# Do-It-Yourself Body Armor



## Sentry18 (Aug 5, 2012)

The people at the guns-n-girls blog are doing some testing for DIY body armor. Might be worth watching and following (and taking notes).






Homemade fiberglass armor.


----------



## machinist (Jul 4, 2012)

Hey, it worked for Clint Eastwood in that western movie where he hung a steel plate under his serape.


----------



## LongRider (May 8, 2012)

In prisons the convicts used national geographic magazines tapped around their body's before a riot or whatever. Pretty effective against knives and such


----------



## NaeKid (Oct 17, 2008)

LongRider said:


> In prisons the convicts used national geographic magazines tapped around their body's before a riot or whatever. Pretty effective against knives and such


If you watched the movie "World War Z" or read the books, you will notice that is also a good way to protect your arms against bites from the zombies ...


----------



## PrepN4Good (Dec 23, 2011)

I noticed on the series "Revolution" they used pieces of car tires (steel belted radials?) for armor.


----------



## LongRider (May 8, 2012)

NaeKid said:


> If you watched the movie "World War Z" or read the books, you will notice that is also a good way to protect your arms against bites from the zombies ...

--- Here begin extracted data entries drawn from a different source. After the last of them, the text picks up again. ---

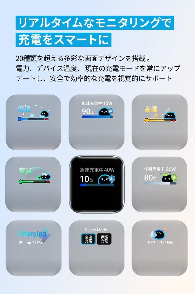 20種類を超える多彩な画面デザインを搭載 。電力、デバイス温度、 現在の充電モードを常にアップデートし、安全で効率的な充電を視覚的にサポート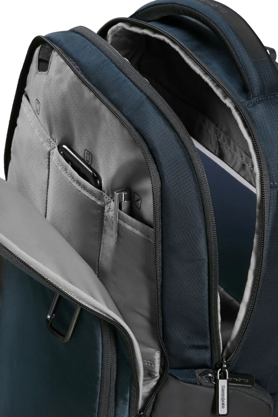 Computer rygsæk med plads til 14,1″ PC og 10,5″ tablet, både det indvendige og udvendige stof er lavet af genbrugsplast, flaskeholder i siden, frontlomme med lynlås, brystrem, ergonomiske stropper, rumindhold 20,5 l, vægt 1 kg. 2 års garanti.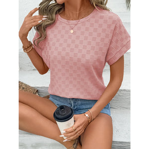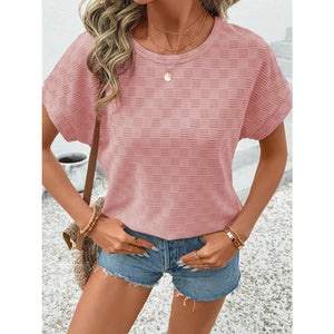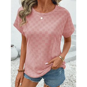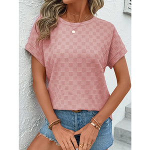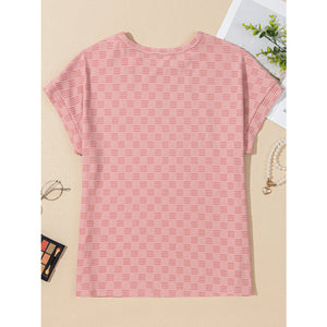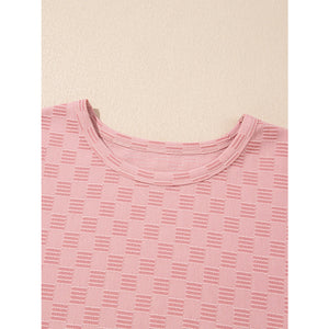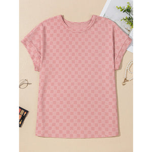 Checkered Textured Round Neck T-Shirt
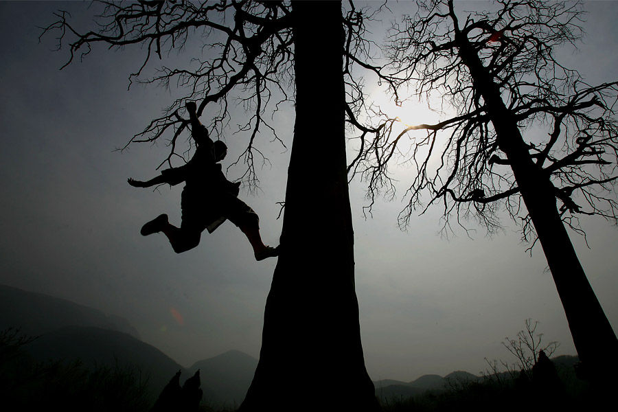 而在普通民眾中則存在一種頗為“無厘頭”的固執想法:真正的功夫高手應該是“大隱隱於市”的,這又和多年的文藝作品薰陶不無關係。路邊醉酒的乞丐是洪七公,穿著睡衣的包租婆也是高人……1980年和1981年,北京搞過散手試點,當時來自民間的參賽拳手有上百人,包含了八卦、太極、大成等等拳種。“但比賽剛開始沒兩天,一看進入半決賽的選手,都是練習散打的了。”散打創始人梅惠志說。“民間拳手的水準並不高。與散打相比,基本沒有對抗性。”他曾經會過許多民間高手,“很多都堅持不到十秒八秒。”圖為2011年2月5日,北京街頭一位男子表演“嘴刁自行車”的功夫。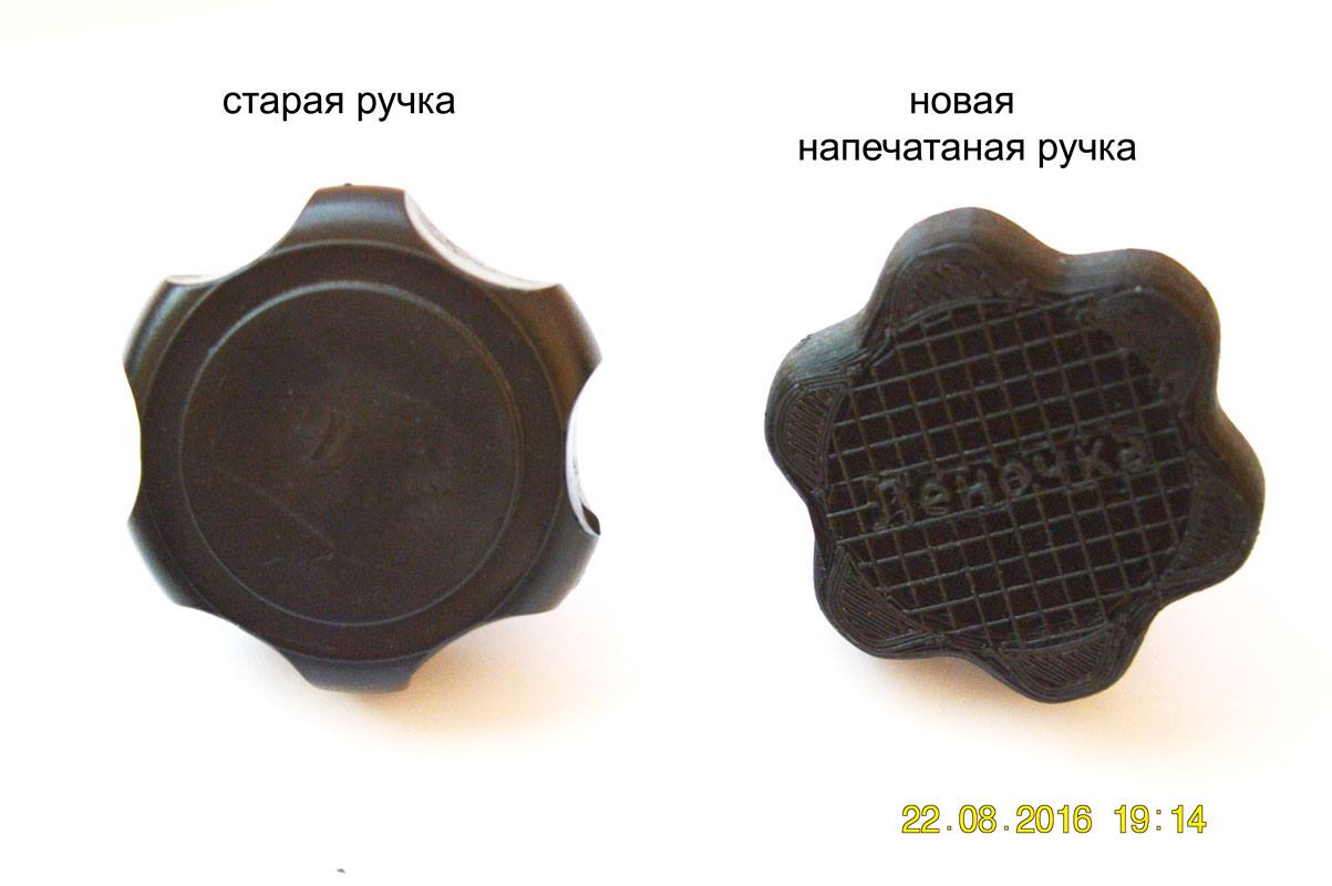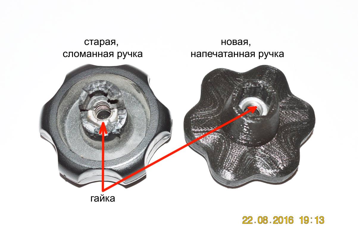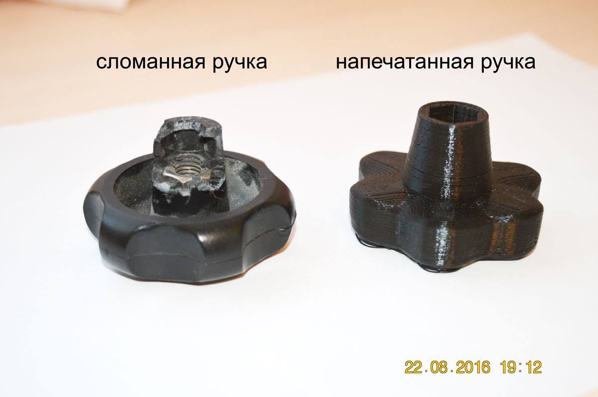 После печати тестовой модельки решил напечатать что-нибудь полезное. Долго искать не пришлось :) - на глаза попалась сломанная ручка от стойки для синтезатора. На фото ниже - она и (справа) созданный клон:Модельку ручки выложу чуть позже, вдруг кому-нибудь понадобится.
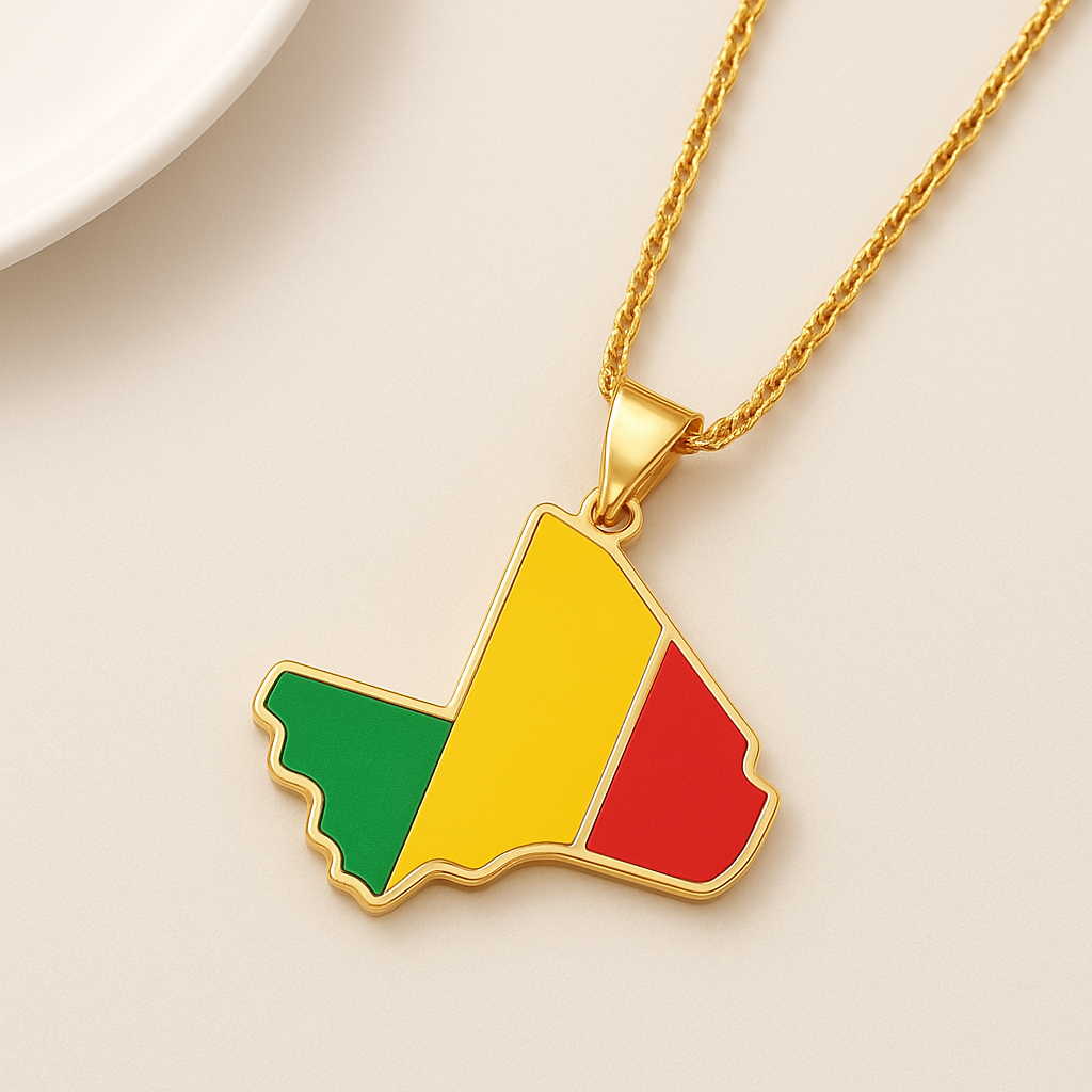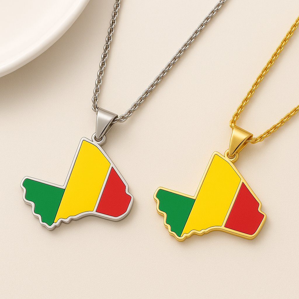 Albanien Halskette – Landkarten-Anhänger mit Flagge & Wappen (Silber & Gold)

No I haven't done either. Thanks for the heads up. I'll keep that in mind I know they work well to stop knives. Bites should be a no brainier


----------



## pugstheprepper (Jul 10, 2013)

Sentry18 said:


> The people at the guns-n-girls blog are doing some testing for DIY body armor. Might be worth watching and following (and taking notes).
> 
> Video Link:
> 
> ...


----------



## MetalPrepper (Nov 25, 2012)

LongRider said:


> In prisons the convicts used national geographic magazines tapped around their body's before a riot or whatever. Pretty effective against knives and such


Do you think it is the content of the magazine....


----------